Творческая математическая жизнь Арнольда продолжалась больше 50 лет, и за это время он опубликовал больше 400 работ — не такая уж редкость в компьютерный век. Удивительно, однако, что все эти работы, в том числе книги, написаны от руки — он не видел причин переучиваться, а выработанный им в самом начале пути изящный и точный стиль, сопровождаемый кристальной ясностью мышления, сводил необходимость правок к минимуму. Еще более удивительно то, что в этом потоке работ лишь единицы написаны в соавторстве. В потенциальных соавторах В.И. предвидел — и справедливо — источник ошибок и затягивания процесса. А ученики его получали свободу уже с самых первых своих работ, опубликованных только под их собственными фамилиями, — но всегда подсказанных, а зачастую и переписанных им.

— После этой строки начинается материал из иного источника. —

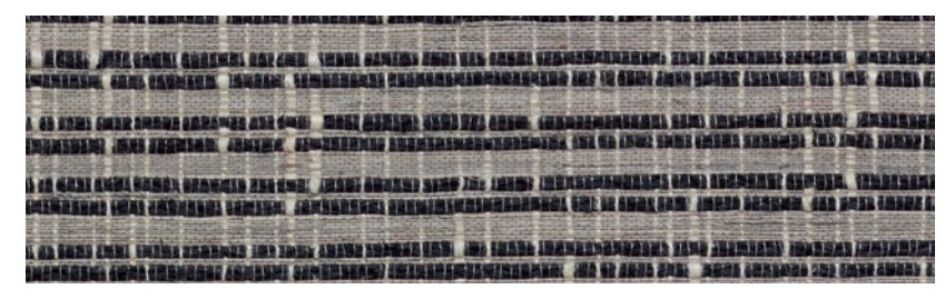
Price Group: 5 | Max Width: 180" Available Styles: Roman, Top Treatment

Арнольд был многогранен, и совершенно различные по характеру и математическим пристрастиям люди находили в его идеях и беседах с ним что-то принципиально важное для себя. Поэтому его ученики так непохожи друг на друга, и так зачастую далеки друг от друга наши научные интересы. Вместе с учениками он подготовил и издал книгу «Задачи Арнольда» — уникальный и, по-моему, недооцененный труд, демонстрирующий эволюцию идей, которой, как правило, пренебрегают.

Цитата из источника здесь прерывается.